Statistics that may be computed include lemma occurrences for a certain POS, especially for closed class POS, or checking for the presence of sentence end punctuation that does not attach to the sentence root. As an abstract example, we have defined some predicate, sentence_pred, and some transformation of noun tokens, noun_token_transformation. If we wish to transform all nouns in sentences that match our predicate, we can write the following.

for sentence in train:
    if sentence_pred(sentence):
        for token in sentence:
            if token.pos == 'NOUN':
                noun_token_transformation(token)
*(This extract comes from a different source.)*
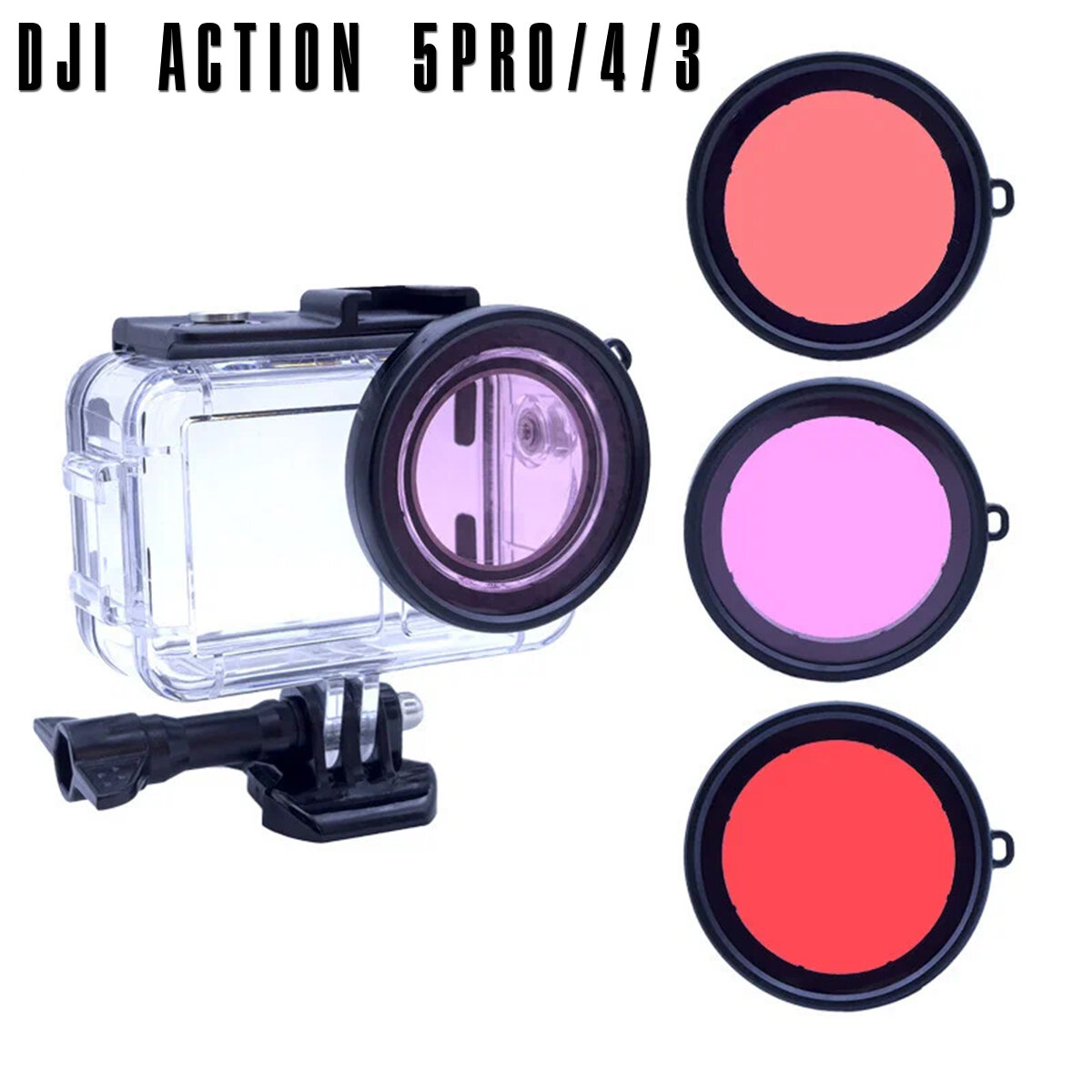 Купить Водонепроницаемый чехол для экшен камеры DJI Action5/4/3 pro, три фильтра (темно-красный, светло-красный, фиолетовый)
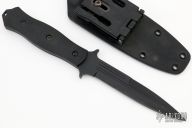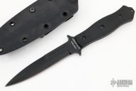 This Silent OPS Bayonet featurse a black blade with fullers and false top edge, .174" blade stock and .893" blade depth, full tang construction with black G-10 scales. Comes with a kydex sheath with TekLok. Has a couple light scuffs, otherwise excellent condition.

Note that Conll objects in general in pyconll are mutable, except for a select few fields, and so the Token objects seen while traversing are the same Token objects that are in the Sentence, and any changes will be reflected in both code paths.

Outputting CoNLL-U

Finally, once you are done transforming a Conll object, the object can be serialized back into the CoNLL-U format. Following our example, this is done through, train.conll(). Conll, Sentence, and Token objects are all Conllable which means they have a corresponding conll method which serializes the objects contents appropriately according to the CoNLL-U format.

Conclusion

pyconll allows for easy CoNLL-U loading, traversal, and serialization. Developers still need to define their own logic for linguistic interpretation of the data in the CoNLL-U format, but working with the format is much more pleasing if you can worry about less. There are still some parts of the library that are not covered here such as SentenceTree, loading files from network, and error handling, but this information get developers through the most important use cases.